For the developed West, the conditions are a taste (an acrid, throat-burning one, at that) of the global air pollution problems that the developing world struggles with routinely.

In Delhi, for instance, open-air burning of fuel for cooking, as well as lighter regulation of industry emissions, and auto use in a fast-growing Indian city are factors that the population contends with on a regular basis. Seasonal factors also play a role: the burning of crop stubble, for instance. During the crop-burning season, the practice, and the effects of north-westerly winds, can account for up to 45% of Delhi’s pollution, according to government meteorologists.

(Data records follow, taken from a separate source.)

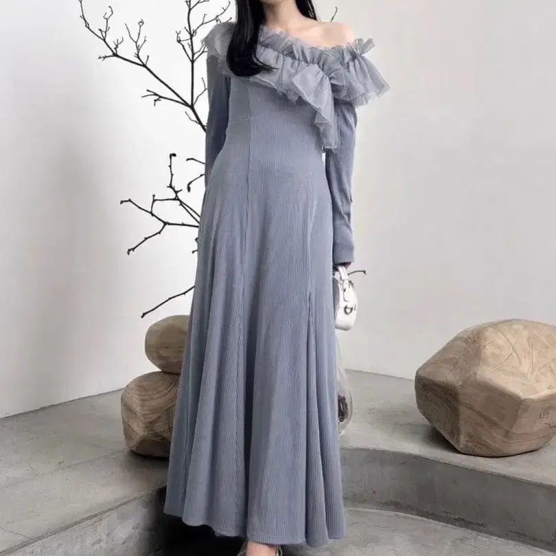 택 포함 새상품 Dazzlin 크로스 프릴 컷 원피스 S 블루
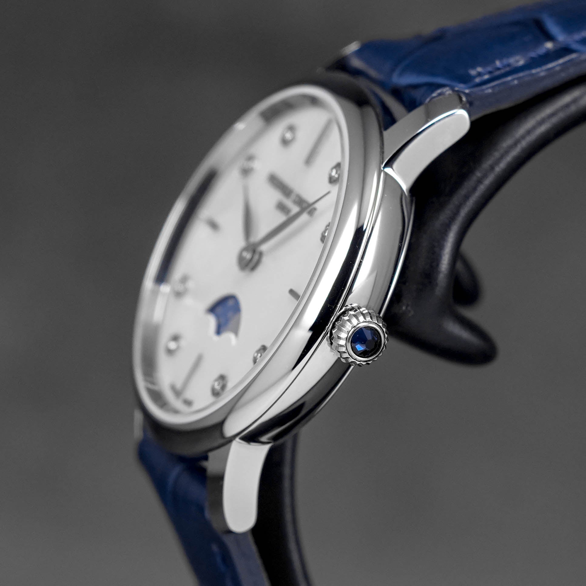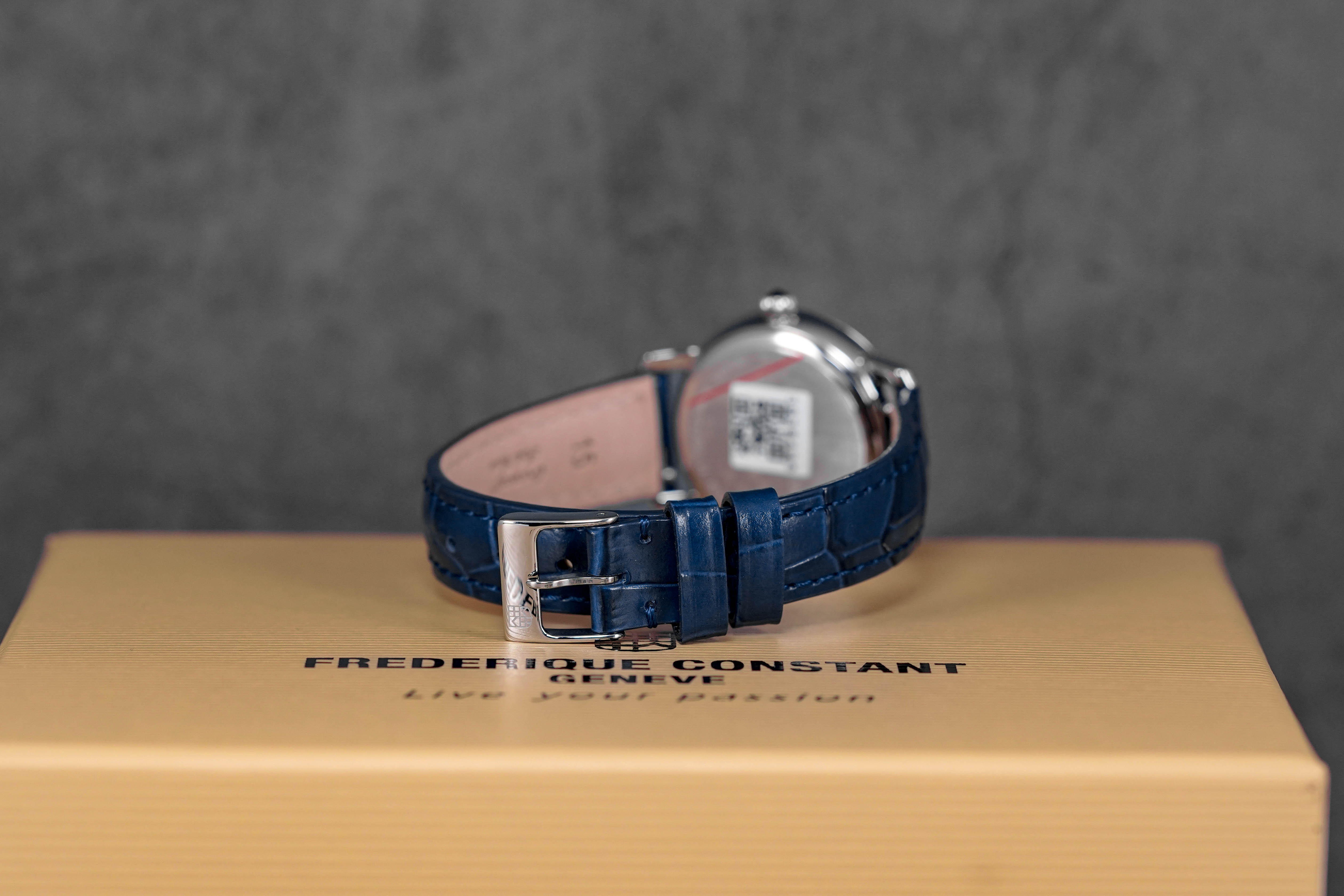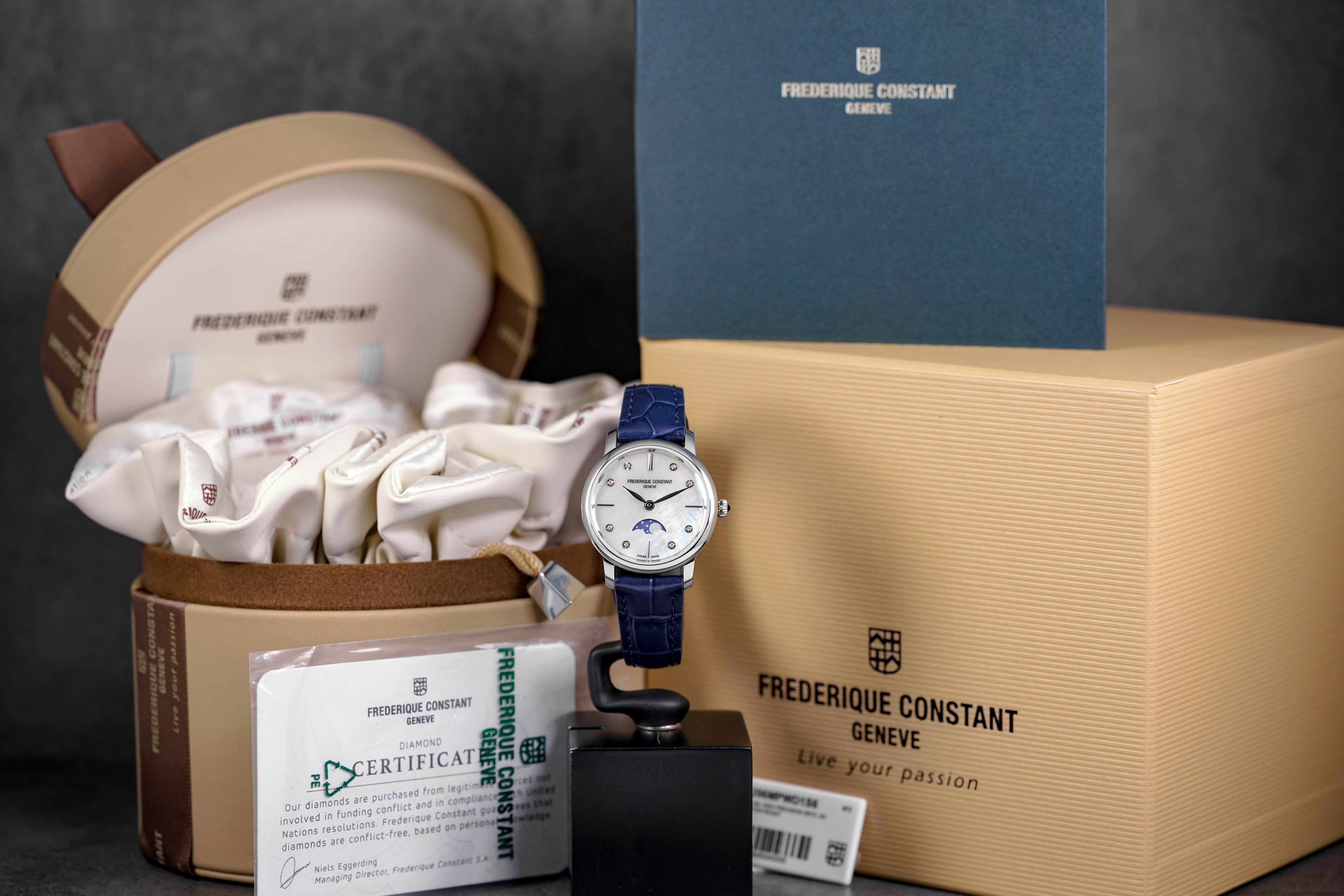 FREDERIQUE CONSTANT SLIMLINE MOONPHASE WHITE MOP DIAMOND DIAL LEATHER STRAP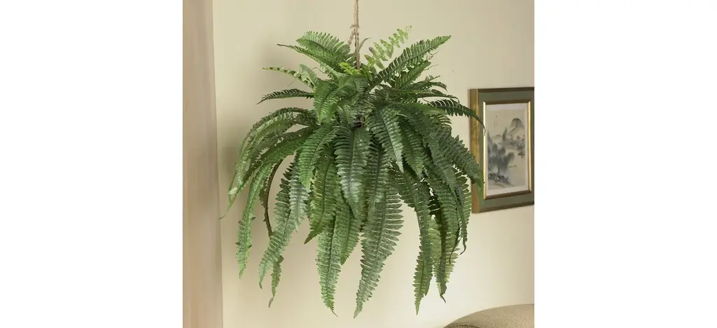 The Boston Fern is one of nature's best-loved ferns. The reasons are obvious - it's big, billowy, has pretty stems and leaves reach out and dip downward in a pleasing effect. no wonder they are used to decorate worldwide. This large Boston Fern hanging basket perfectly personifies everything we love about this plant, with the bonus of never needing water or sun. Makes a great gift as well.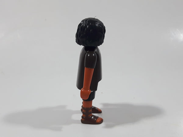 2008 Geobra Playmobil Black Haired Boy Black Bottoms Dark Brown Shirt Brown Laced Sandals 2 7/8" Tall Toy Figure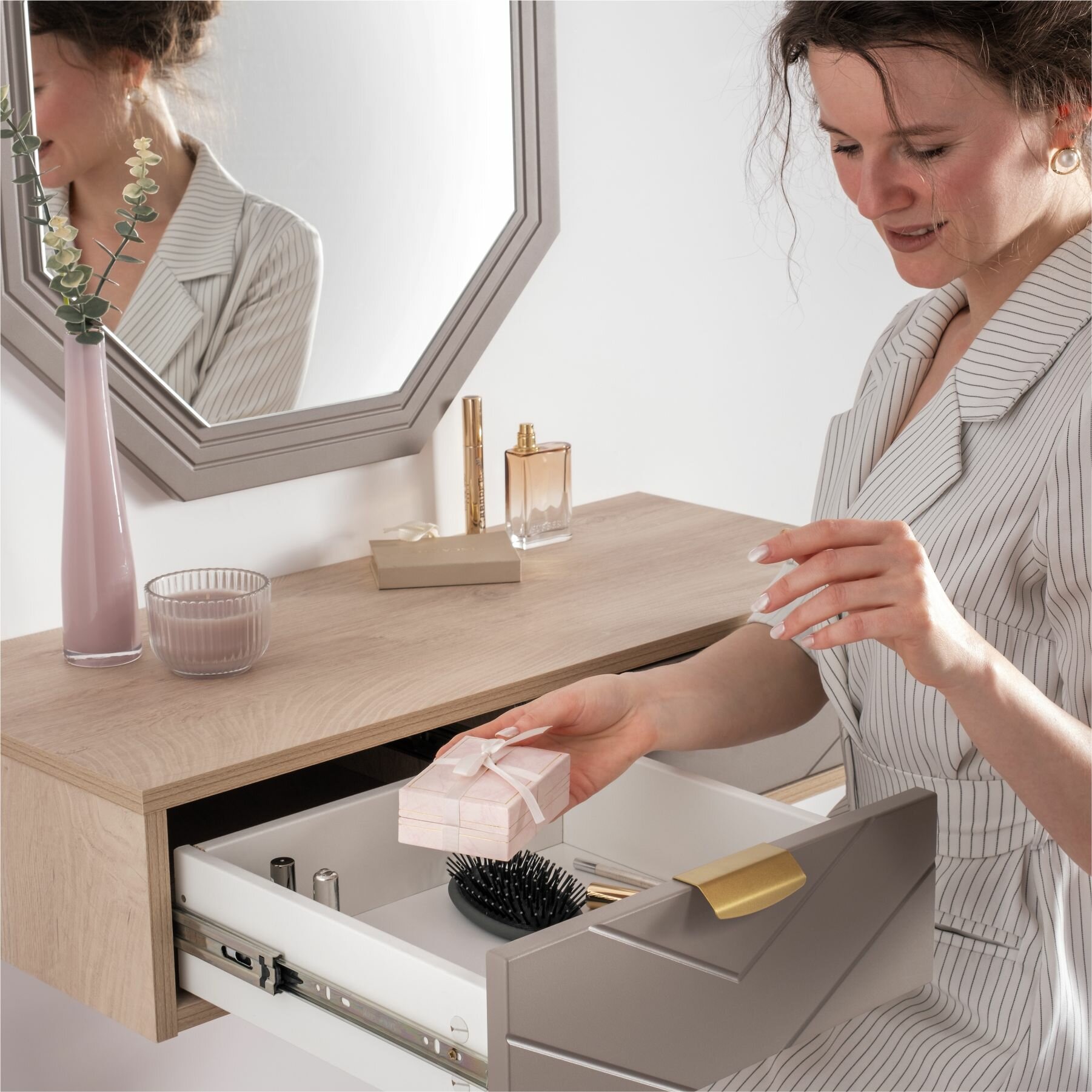 Консольный столик с ящиками Венеция 16.155.02, Дуб Эндгрейн элегантный, Веллюто Капучино интересное:

China, for its part, has pledged greater strides in switching to wind, solar, nuclear and other “greener” energy and power sources ICLN, -0.84%, but for now, its fast-growing gas-powered vehicle markets and its lingering reliance on coal are the primary sources of the country’s dangerously high levels of air pollution, says IQAir.

Read: ‘Nothing else here’: Why it’s so hard for world to quit coal

Air quality, especially with the global health awakening that came with the COVID pandemic, is top of mind for health professionals. Climate change conditions will only keep up the pressure on lawmakers and industry to slow the global warming that can make it harder to breathe, through pollution itself, but also because climate change is adding to dry and extremely hot conditions that spark wildfires, says the UCAR Center for Science Education.